> EXERCISE PROMPT: Your answer must be an exact copy of the data, without any pictures.

> EXERCISE DATA:
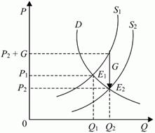 Если же субсидию получит покупатель, то на величину G переместится кривая спроса, а не кривая предложения.
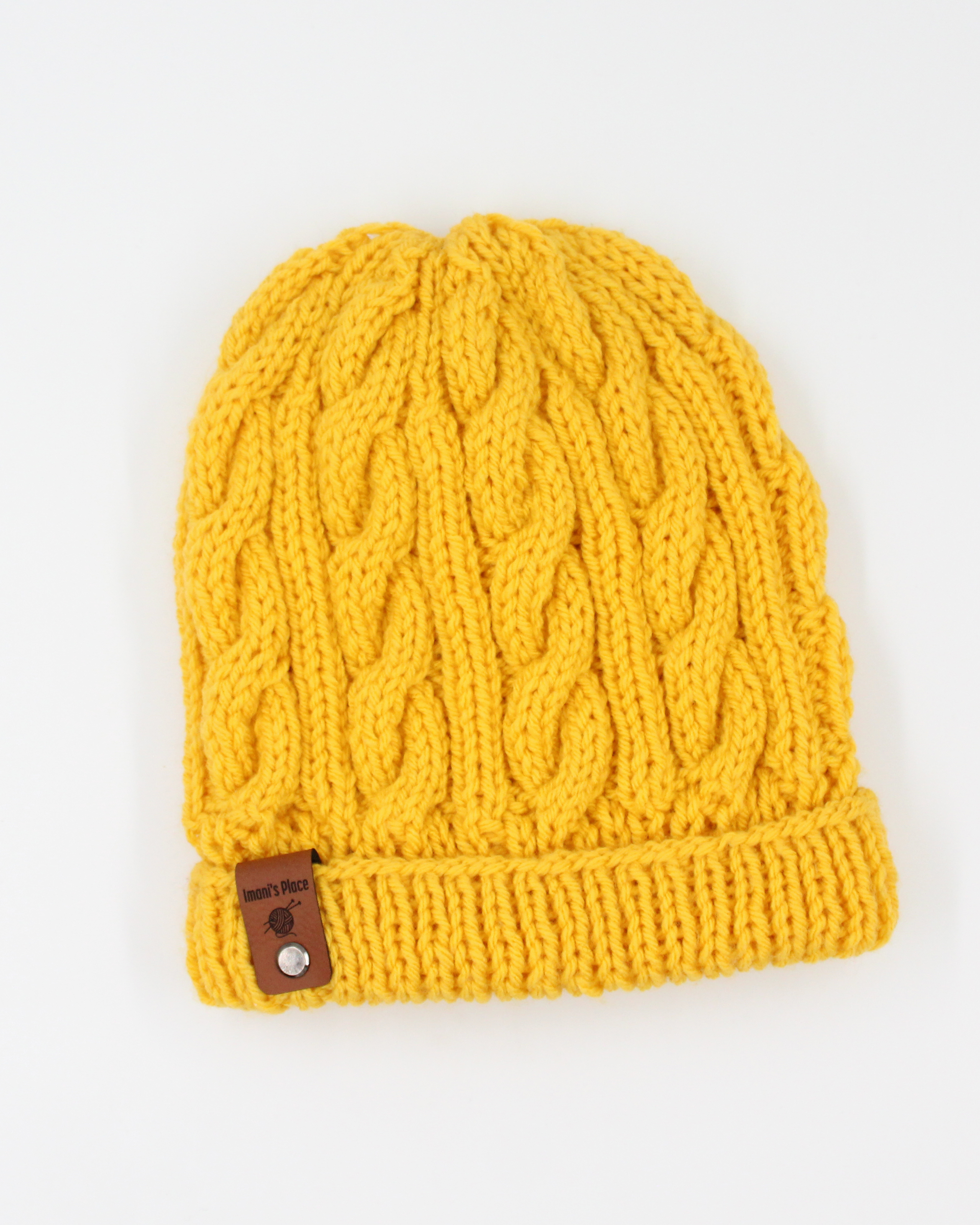 - Hat – circumference: 14″ unstretched; height 8.5″ cuffed
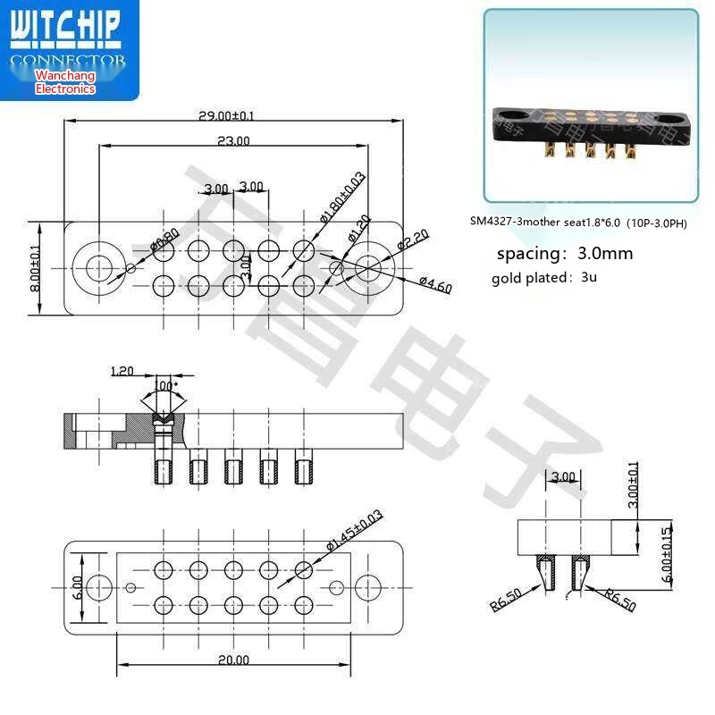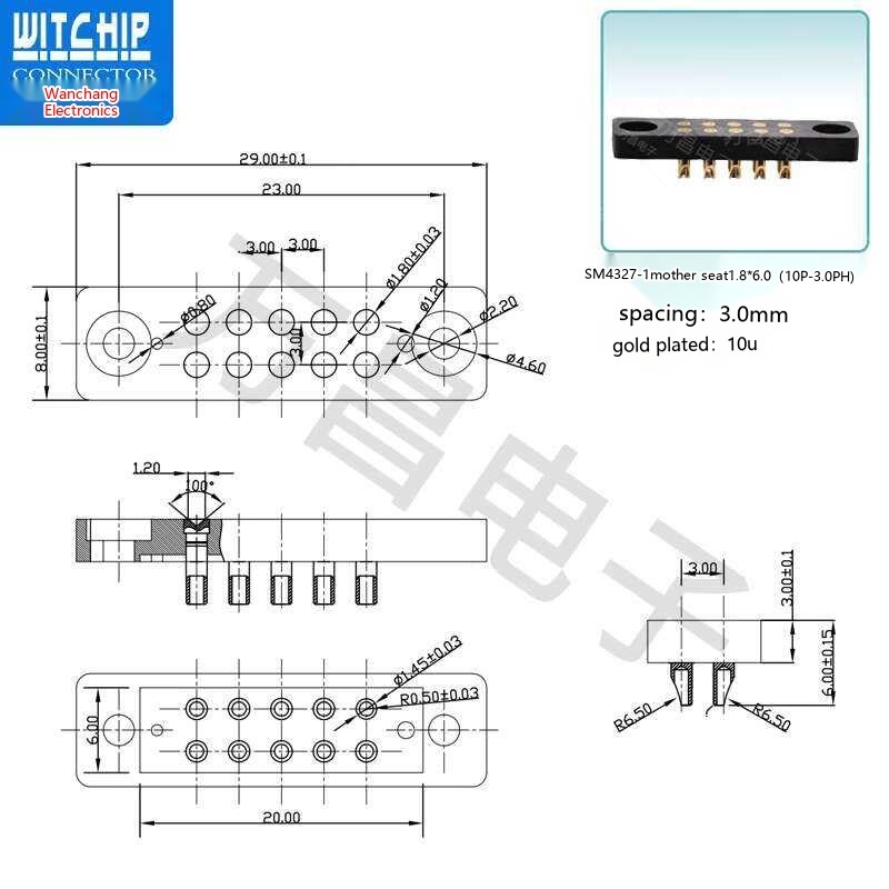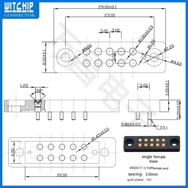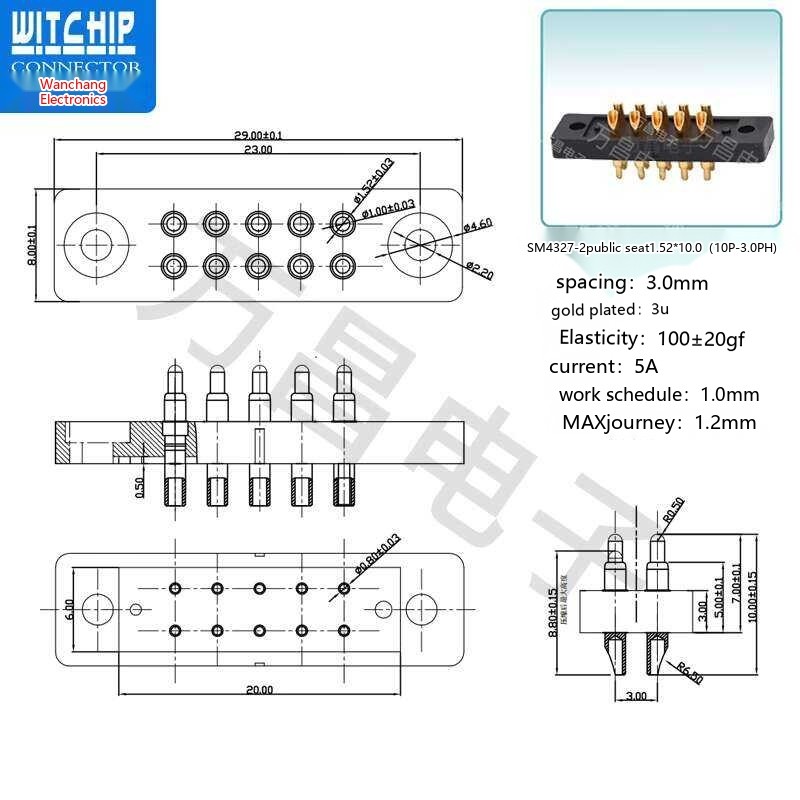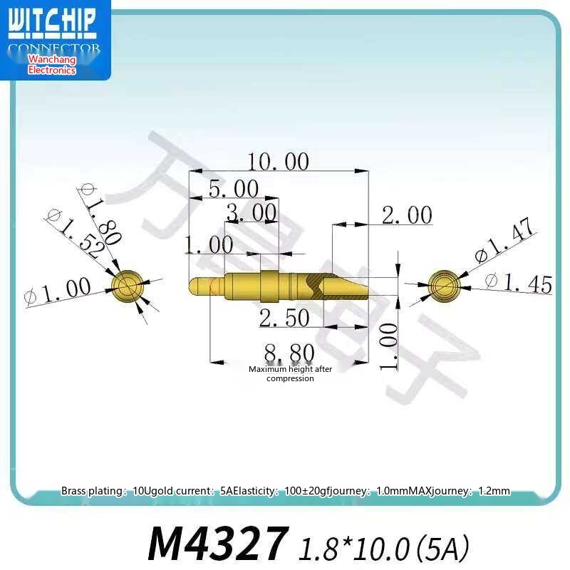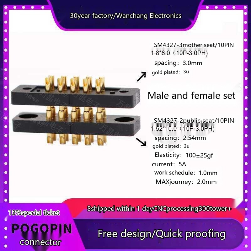 10p Probe Pogo Pin Spring Conductive Contact Charging Needle Connector Male and Female Socket

> ANSWER TO THIS PROBLEM:
 Если же субсидию получит покупатель, то на величину G переместится кривая спроса, а не кривая предложения.
 - Hat – circumference: 14″ unstretched; height 8.5″ cuffed
 10p Probe Pogo Pin Spring Conductive Contact Charging Needle Connector Male and Female Socket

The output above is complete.